Francesco Galeoto

Personal information
- Date of birth: 17 March 1972 (age 53)
- Place of birth: Palermo, Italy
- Height: 1.76 m (5 ft 9 in)
- Position: Defender

Team information
- Current team: Palermo Calcio Popolare (head coach)

Senior career*
- Years: Team / Apps / (Gls)
- 1992–1993: Palermo / 0 / (0)
- 1993–1994: Cerveteri / 28 / (1)
- 1994–1995: Trapani / 33 / (2)
- 1995–1997: Palermo / 67 / (0)
- 1997–1998: Salernitana / 34 / (0)
- 1998–2001: Pescara / 77 / (2)
- 2001–2002: Taranto / 27 / (0)
- 2002–2006: Treviso / 118 / (3)
- 2006–2007: Arezzo / 33 / (0)
- 2007: Genoa / 19 / (0)
- 2007–2008: Messina / 40 / (1)
- 2008–2010: Crotone / 58 / (0)
- 2010–2011: Barletta / 23 / (0)
- 2011–2013: Atletico Campofranco / 0 / (0)

Managerial career
- 2018: Castelbuono
- 2019: Alcamo
- 2024–: Palermo Calcio Popolare

= Francesco Galeoto =

Italian footballer

Francesco Galeoto (born 17 March 1972) is an Italian football coach and former defender, currently in charge of Sicilian amateurs Palermo Calcio Popolare.

==Playing career==
After spending his early years as a youth player for hometown club Palermo, he left for Cerveteri in 1993. Since then, he played for several Serie B and Serie C1 teams, including Trapani, Palermo (where he returned in 1995), Salernitana, Pescara and Taranto. In 2002, he signed for Treviso, playing there for four seasons, and making eleven appearances in the Italian Serie A during the first half of the 2005-06 season. In January 2006 he moved to Arezzo, and then to Genoa twelve months later, winning a personal second promotion to Serie A in the 2006-07 Serie B. In July 2007 he signed for Messina, and spent the 2007–08 season with the giallorossi.

He was released for free during the summer 2008 transfer window as a consequence of the disbandment of his club, and was signed by Lega Pro Prima Divisione's Crotone in August 2008.

In September 2010, he was signed by Barletta as free agent, after released by Crotone on 1 July.

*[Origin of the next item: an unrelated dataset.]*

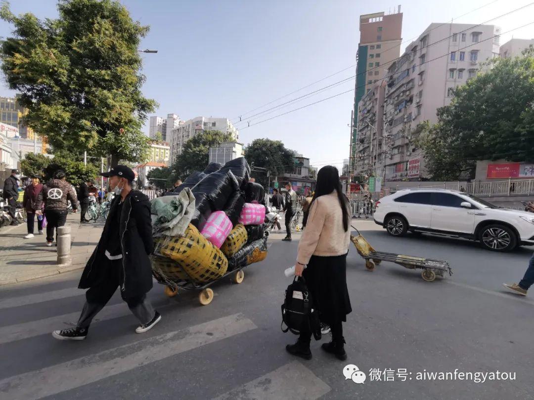 还不到中午,街道上已经有堵车的态势,行人、拖车人、私家车、物流车交织,慢慢的往前挪。

In September 2011, a 38-year-old Galeoto decided to quit professional football and join Eccellenza amateurs Atletico Campofranco.

==Coaching career==
After retiring, Galeoto briefly worked as the head coach of Sicilian amateurs Castelbuono in October 2018.

He successively served as the head coach of Eccellenza Sicily club Alcamo from August to October 2019.

In July 2024, Galeoto was appointed new head coach of Prima Categoria amateurs Palermo Calcio Popolare, a small fan-owned club devoted to promoting grassroots football in the city of Palermo.